If I could’ve stopped my episode that Sunday, I would’ve. I would’ve avoided panic attack #18 on my birthday in a college bar at 2 a.m. or #29 on my way to a Red Lobster dinner if I had control over my body’s momentary glitches and all the physical symptoms that came with it.
Accepting her diagnosis—and moving forward
It took three therapists, two psychiatrists, and a whole lot of soul-searching for me to accept my anxiety as a part of me, and to realize that I am still a work in progress.

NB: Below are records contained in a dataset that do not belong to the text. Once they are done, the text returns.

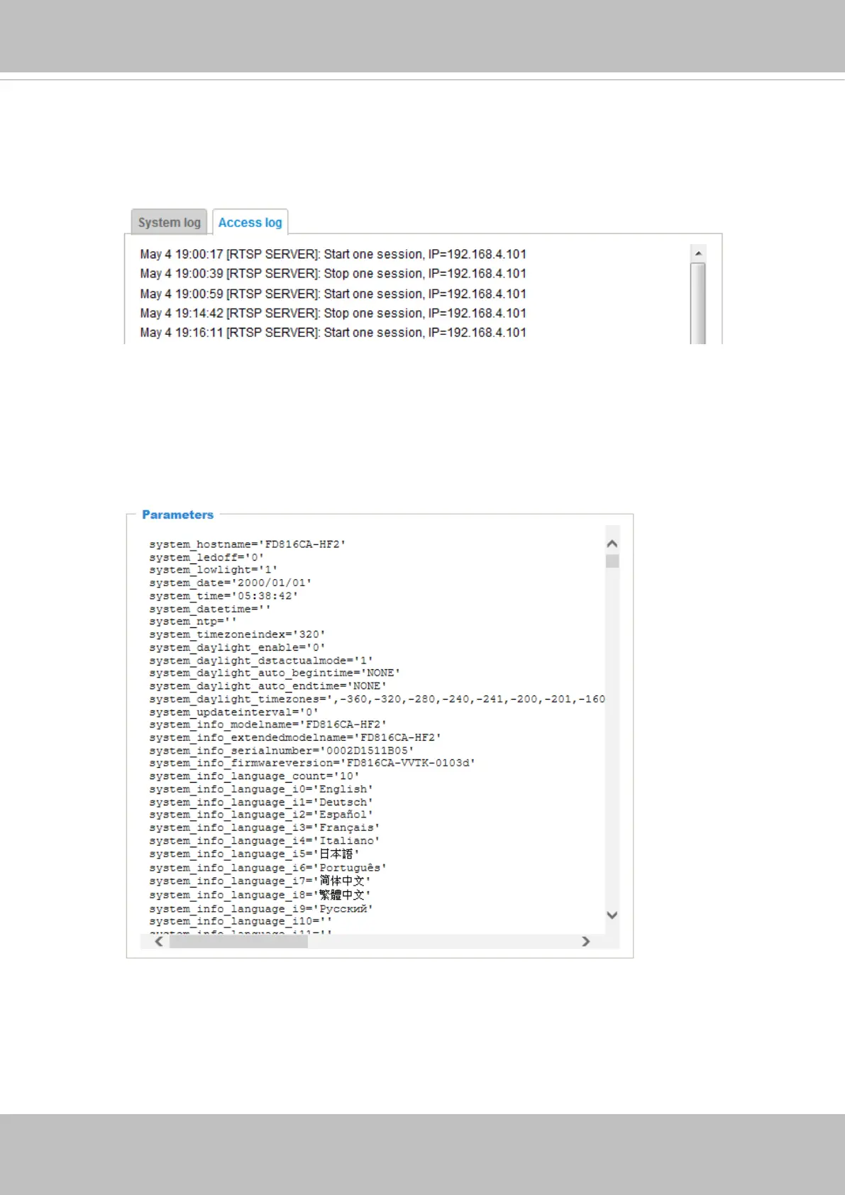 administrators) in a chronological order. The access log is stored in the Network Camera’s buffer and
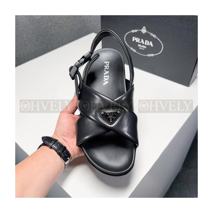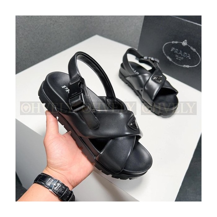 프라다 패딩 나파 크리스 크로스 샌들 > 프라다
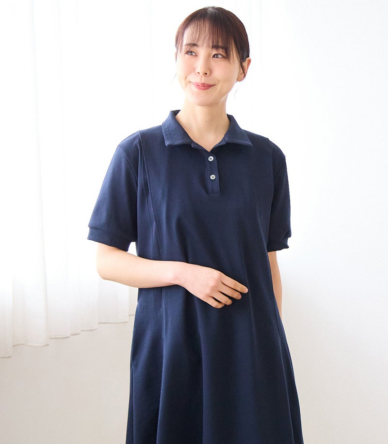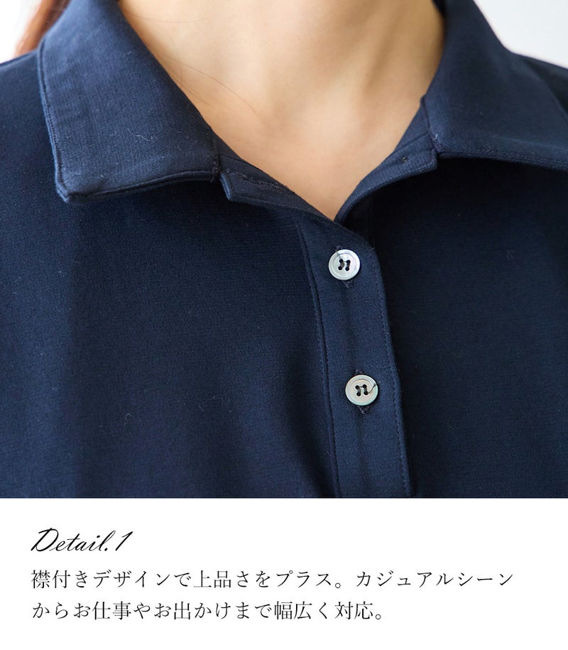 朝は自分の準備より、家族のことが優先。アイロンをかける時間まではなかなか取れない——そんな毎日に寄り添う一枚です。伸縮性があり動きやすいので、抱っこや送り迎え、外出が続く日にもストレスフリー。ウエストをすっきり見せるデザインと襟付き仕様で、1枚着るだけできちんと整った印象に。
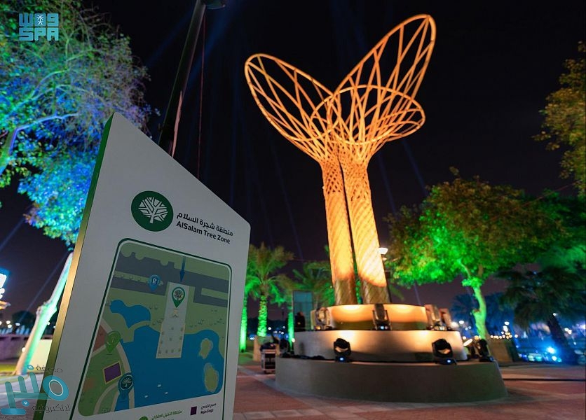 وتمثل شجرة السلام أيقونة المنطقة، وهي شجرة صناعية مضيئة شبيهة بالخيال، يبلغ ارتفاعها أكثر من 12م، وتنبعث منها إضاءات تزين المكان، إضافة إلى عروض بتقنية “إلـ إي دي” بالتزامن مع موسيقى تصويرية باعثة على الدهشة، وتستهدف جميع شرائح المجتمع من مختلف الفئات العمرية.
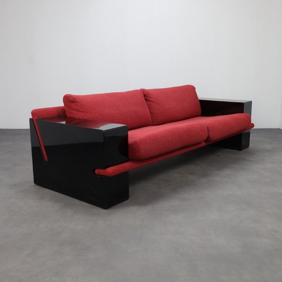 Striking postmodern three-seater sofa from Italy, dating to the 1980s. With its bold black lacquered frame and deep red fabric cushions, the design balances sculptural presence with inviting comfort. A strong geometric silhouette and contrasting textures make this a true statement piece from the radical era of Italian design.
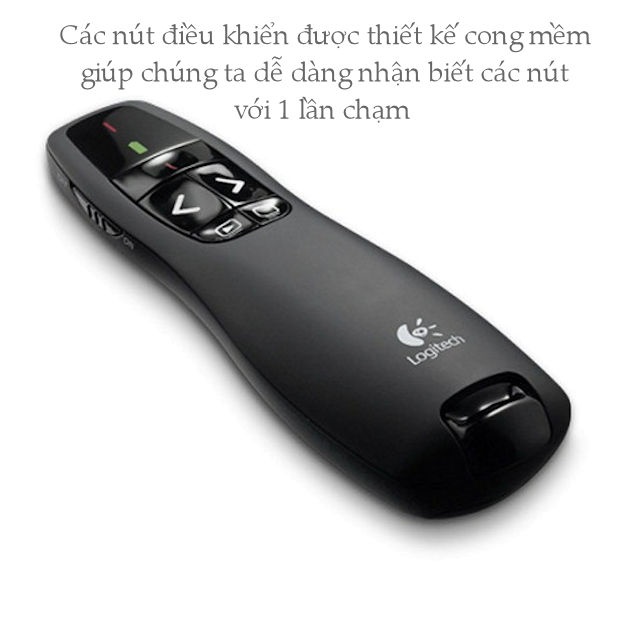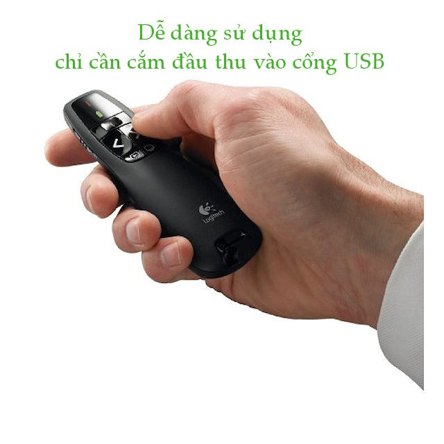 Bút trình chiếu LOG R400 được hỗ trợ một đầu thu sóng USB để bạn gắn vào máy tính hay laptop của mình là có thể sử dụng ngay, không cần cài đặt ứng dụng hay phần mềm nào khác. Ngoài ra, thiết bị còn tích hợp đèn báo nhấp nháy để thông báo cho người sử dụng biết tình trạng pin đang sử dụng, giúp trành trường hợp buổi thuyết trình, diễn giải bị gián đoạn vì nguồn pin hết đột ngột.
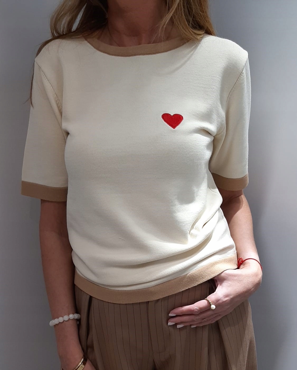 - Sweterkowa bluzka. Wykonana z wysokiej jakości, elastycznego materiału. Klasyczny krój zapewni wygodę. Na przodzie czerwone, haftowane serduszko
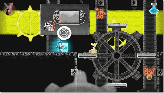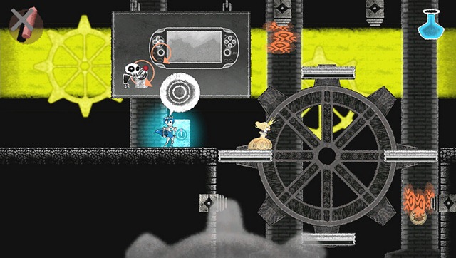 After a stage or two of dealing with enemies, I was given a piece of chalk. Given the chalky art style, I expected godlike power. Each swipe of my finger would draw a line of chalk on the screen, depleting some of my chalk gauge… but I could only connect broken ropes to boxes directly under them to get them out of the princess’s way. Fortunately, the next mechanic I was presented was far more interesting. I found a potion on the ground, and with a double-tap on the screen, the hero would drink it and transform from skeleton to prince (eliciting a humorous happy response from the princess). As a prince, I could actually kill enemies with two hits from a sword and pick up the princess to carry her down stairs and put her onto platforms (all of these actions are mapped to circle). Like the skeleton, the prince would take two hits before dying, losing his crown on the first hit. The prince has two limitations. First of all, the potion only lasts for a little while, draining as long as you’re in the prince form. On top of that, the prince can only jump about half as high as the skeleton (and even less when he’s carrying he princess), so to get through a stage, you’ll have to swap between prince and skeleton to get around. For instance, you might carry the princess down a flight of stairs onto a moving platform, then double-tap the back of the Vita to become the skeleton to jump up to a lever and lift the princess up. You then switch back to the prince to fight off enemies and clear the way to the flower. My demo concluded with a boss fight. At first, it was just the large boss in a tiny room, so I turned into the prince and started hacking away at the boss. This didn’t do a lot of damage, but it got the boss hopping around, so I switched back to the skeleton and used his giant jumps to dodge. Before long, two boxes fell from holes in the ceiling, one with spikes and one without. While the spikeless box was little more than an extra bit of height to grab a collectable trinket at the top of the screen, given the hoppiness of the boss I was fighting, I was able to use the spiked box as a weapon. Naturally, as the boss leapt into the air, I just grabbed onto the box and pushed or pulled the box into the right place for him to fall onto it. After he hurt himself on the spikes and destroyed the box, I had a bit of time to rush him as the prince and deal some damage to him with my sword. After repeating this process a few times, the boss was finally defeated. Dokuro will be released for the PlayStation Vita as a download game in October.

In the past three years or so, I’ve experimented with both behavioral therapy and medication. I’ve tried group therapy and individual therapy. What I have learned from those experiences is that therapy is hard and that it takes time and courage. I often bailed on my sessions and dropped out of my five-month group therapy program almost two years ago. I’m currently thinking about giving it another try.
My doctor prescribed the anti-anxiety medication Xanax, to be taken only when I was panicking. Having the pill bottle with me at all times gave me comfort, but I didn’t like the way I felt on it, and it also didn’t help me better manage my anxiety. That prescription has long since lapsed.
Some days I would wake up feeling like I’m taking shorter breaths. My chest would feel hollow and my shoulders heavy. I’d fidget a lot. I’ve learned to manage these “triggers” or early panic attack symptoms by adopting mindfulness strategies. One technique, called grounding, involves focusing on an object or my breathing. This helps me to quiet my wandering mind so that I’m able to pinpoint my physical symptoms and anticipate if my anxiety is going to get worse that day.
I try to exercise as frequently as possible, and I find night walks helpful for my insomnia. I’ve opened up to people about my struggles with anxious feelings, and the emotional support really helps.
Surprisingly, being transparent is the best way to combat my anxiety. I have learned that being honest with others when I’m not feeling well allows me to be honest with myself. I’m gradually learning that admitting my anxiety doesn’t necessarily mean that I’m less of me.
Now, I no longer treat my panic attacks as a sign of defeat when I do get them. But let’s be real: panic attack #36 will come, and it’s going to feel just as traumatic as the last. I will count down the seconds until it ends, as I always do, and I will lay down afterwards with my chest feeling hollow and my body completely worn down. But now I know that it’s okay because I can still try to make progress again tomorrow.